-- EXERCISE DESCRIPTION --
Please keep the images out and set down the data exactly as given.

═════ PROVIDED DATA

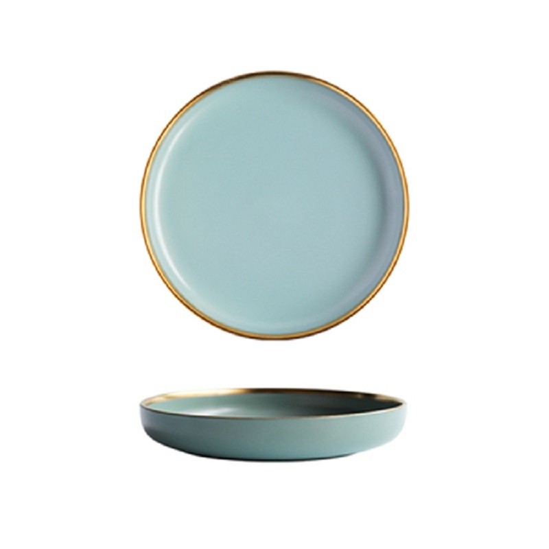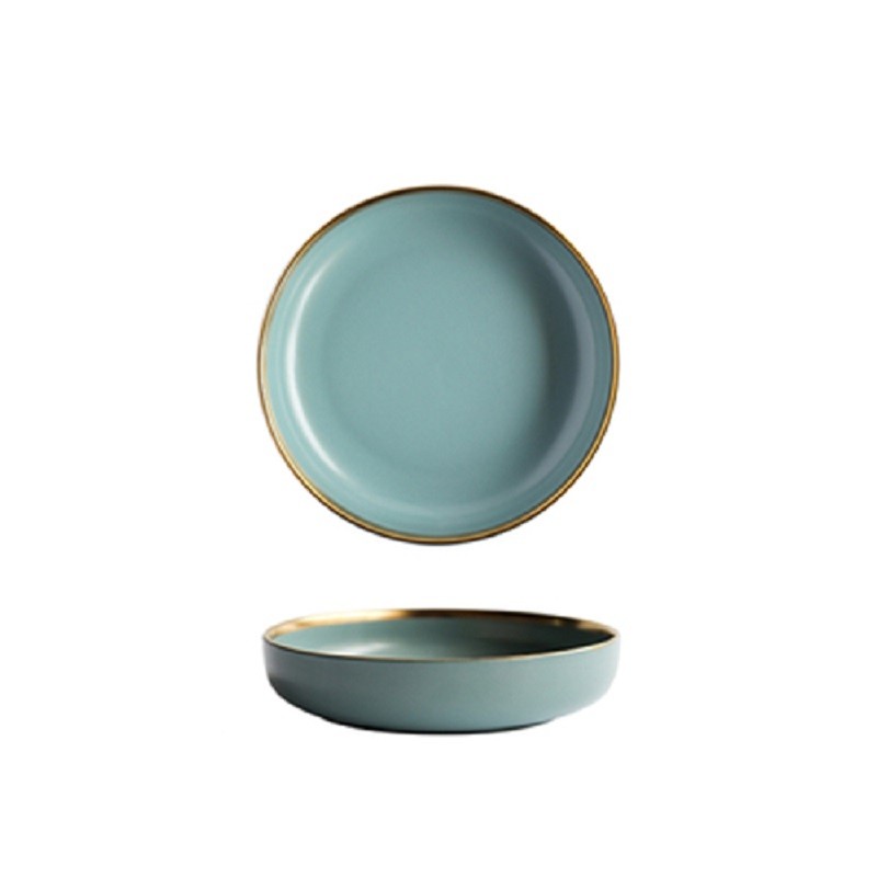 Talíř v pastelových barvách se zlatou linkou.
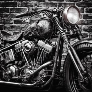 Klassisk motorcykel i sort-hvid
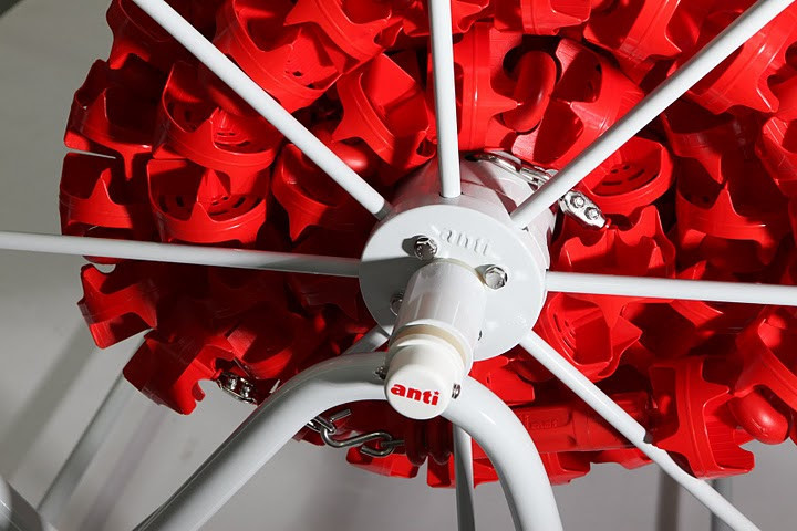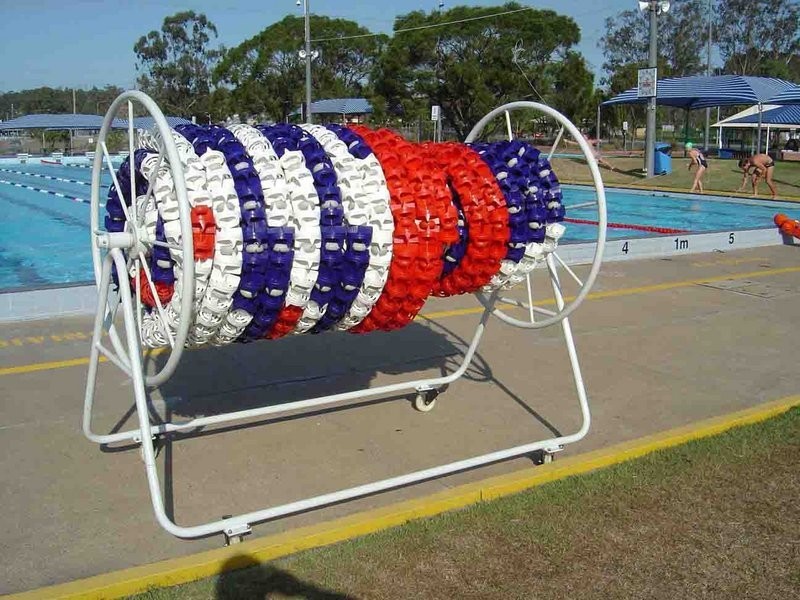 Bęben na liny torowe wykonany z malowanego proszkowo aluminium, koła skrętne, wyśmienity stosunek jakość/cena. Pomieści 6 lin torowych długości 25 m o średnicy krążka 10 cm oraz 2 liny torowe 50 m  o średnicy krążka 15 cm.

══════════

-- ANSWER TO THE EXERCISE --
 Talíř v pastelových barvách se zlatou linkou.
 Klassisk motorcykel i sort-hvid
 Bęben na liny torowe wykonany z malowanego proszkowo aluminium, koła skrętne, wyśmienity stosunek jakość/cena. Pomieści 6 lin torowych długości 25 m o średnicy krążka 10 cm oraz 2 liny torowe 50 m  o średnicy krążka 15 cm.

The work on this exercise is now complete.